Lower Saucon Township Council members were generally warm toward a proposal that was discussed Monday to build approximately 120 townhomes in three clusters at Silver Creek Country Club (SCCC), even though their construction would require a zoning variance.
Council members unanimously approved a motion to have representatives for the developer, Lower Saucon resident David Spirk, meet with township staff in order to proceed with work on the plan.
Spirk, who is chairman of the township’s Parks & Recreation Board and a SCCC member, spoke briefly at the meeting, which was also attended by senior club officials.
Spirk explained that the idea for the condominium development arose out of conversations that began with the club’s leadership several years ago, about how to help it remain “viable.”
The plan that was ultimately developed for attracting more members includes the construction of a high-end condominium community called Silver Creek Country Club Living; a community that would be restricted to club members only.
Spirk’s engineer, Scott Mease, of Mease Engineering, P.C., outlined the plan for council.

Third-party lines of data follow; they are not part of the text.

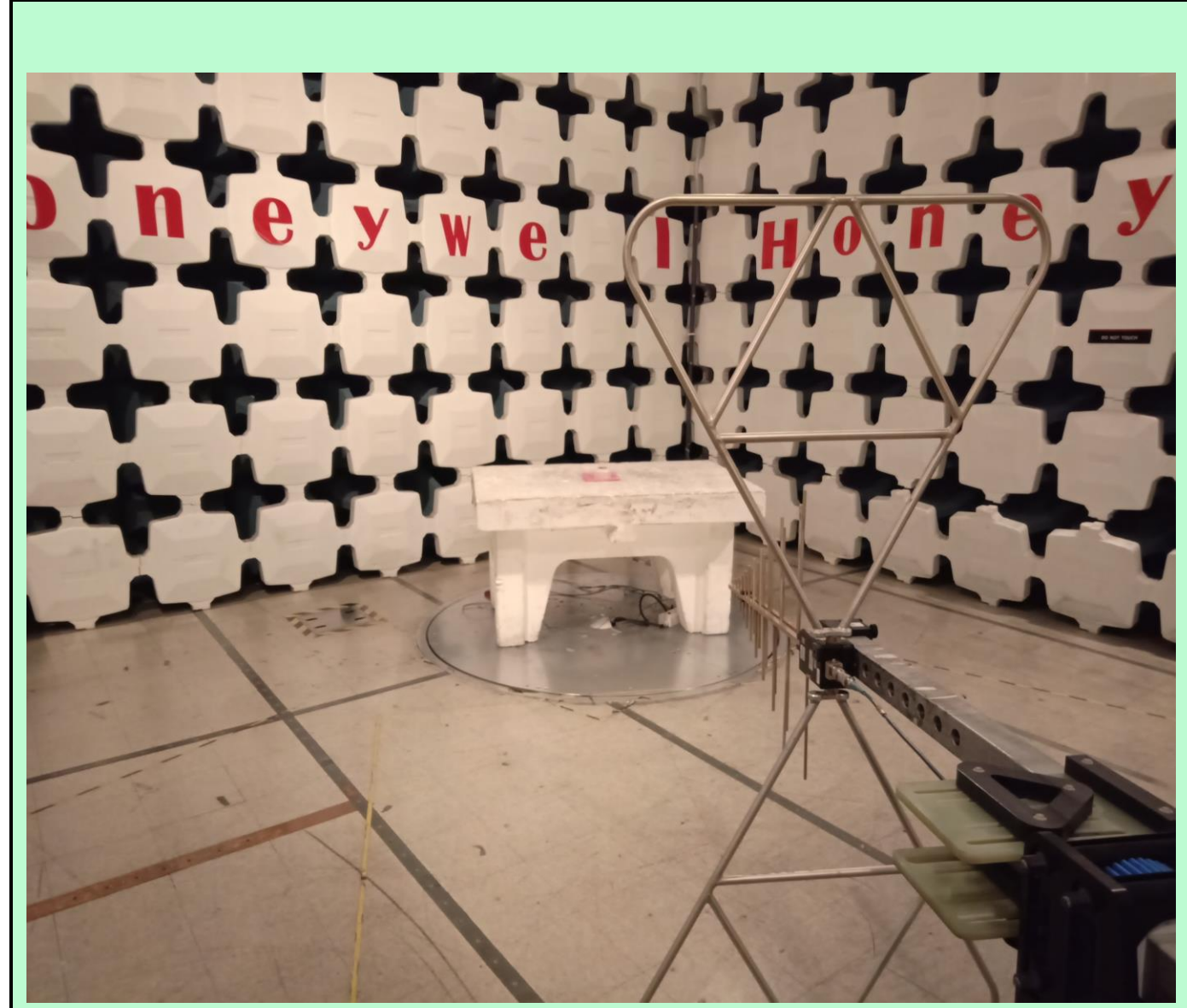
Radiated Emission Setup -30 MHz to 1 GHz [ Vertical Polarization]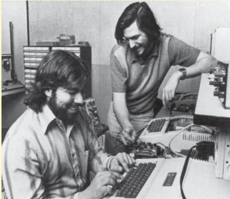
Apple Computer co founders Steve Wozniak (L) and Steve Jobs.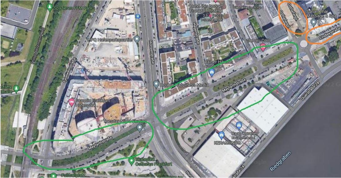
Figure 3: Alternative parking spaces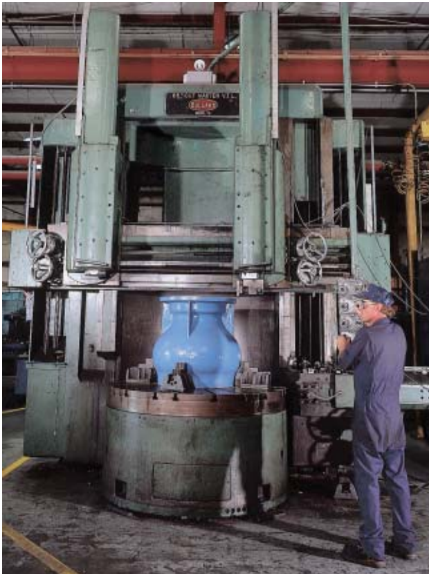
PRO Services™ Centers have full machine capability to address needed repairs.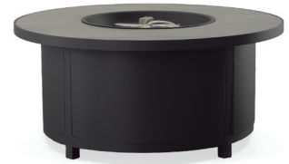
CAPRI OCCASIONAL 42" ROUND W 42" / D 42" / H 19" / BURN PAN 20" LP OR NG 60,000 BTU / 192 LBS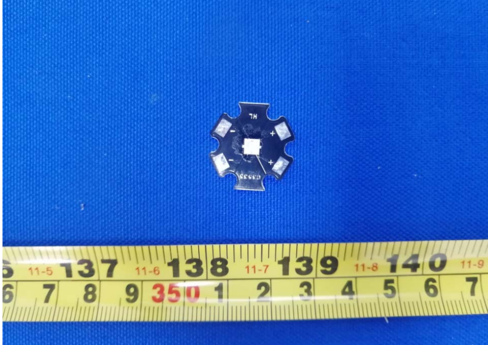
EUT - The overall view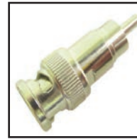
75-563 RCA Male to BNC Male. Over all length is 1.55".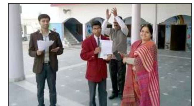
Students of Central Academy getting prize and certificate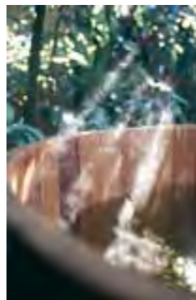
Detail TB K 153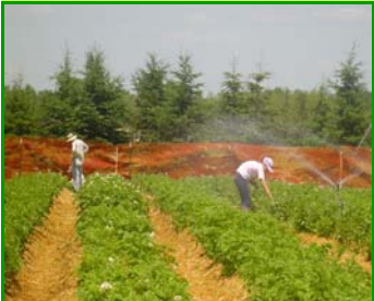
Maplewood Gardens-Elderon, WI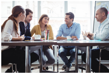
Executive Briefings www.greystone.net/professional-development

Learn more at www.greystone.net/education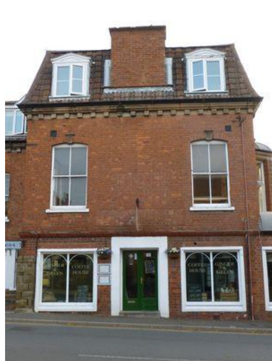
Ginger & Green – Café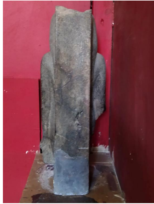
FIG.1.b Cairo JE 65442, Royal Woman Torso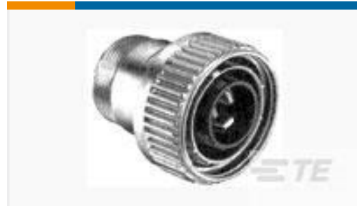
TE Part #208496-1 CMC PLUG ASSEMBLY, SZ 22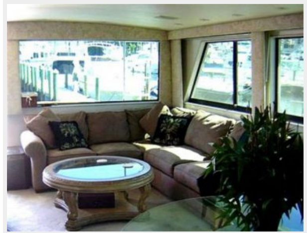
Salon - Aft Port Side

The three townhome clusters would be called Ross’ Hill, Fairway Woods and The Turn, and would include two to four units per building, with 34 to 48 units per cluster.
According to information and maps presented to council–as well as a brochure that was distributed at the meeting–Ross’ Hill would include 34 units built in the northwest corner of the club’s property, with access from New Jersey Avenue and Apple Street.
Ross’ Hill would be built on the site of the club’s old tennis courts, and would be located behind the Silver Creek clubhouse, affording its residents “the closest proximity…to the clubhouse and all its amenities,” the brochure noted.
The 48-unit Fairway Woods cluster would be constructed north of Wassergass Road, and The Turn would be built along the club’s southern border with Panther Way, adjacent to the Saucon Valley School District campus.
All of the townhomes would have public water and sewer which would likely be provided by the Hellertown Borough Authority, since the Lower Saucon Authority has a limited capacity in that part of the township.
Councilwoman Priscilla deLeon noted that that is partly by design.
“The reason we don’t have public utilities out on the eastern side of the township is because we want to keep it rural,” she said, noting that when public water and sewer lines are extended, typically “(building) densities go up.”
On the other hand, deLeon noted that Silver Creek Country Club is “a great place.”
“I understand your plight,” she told representatives from the club, adding that she still has “a lot of questions.”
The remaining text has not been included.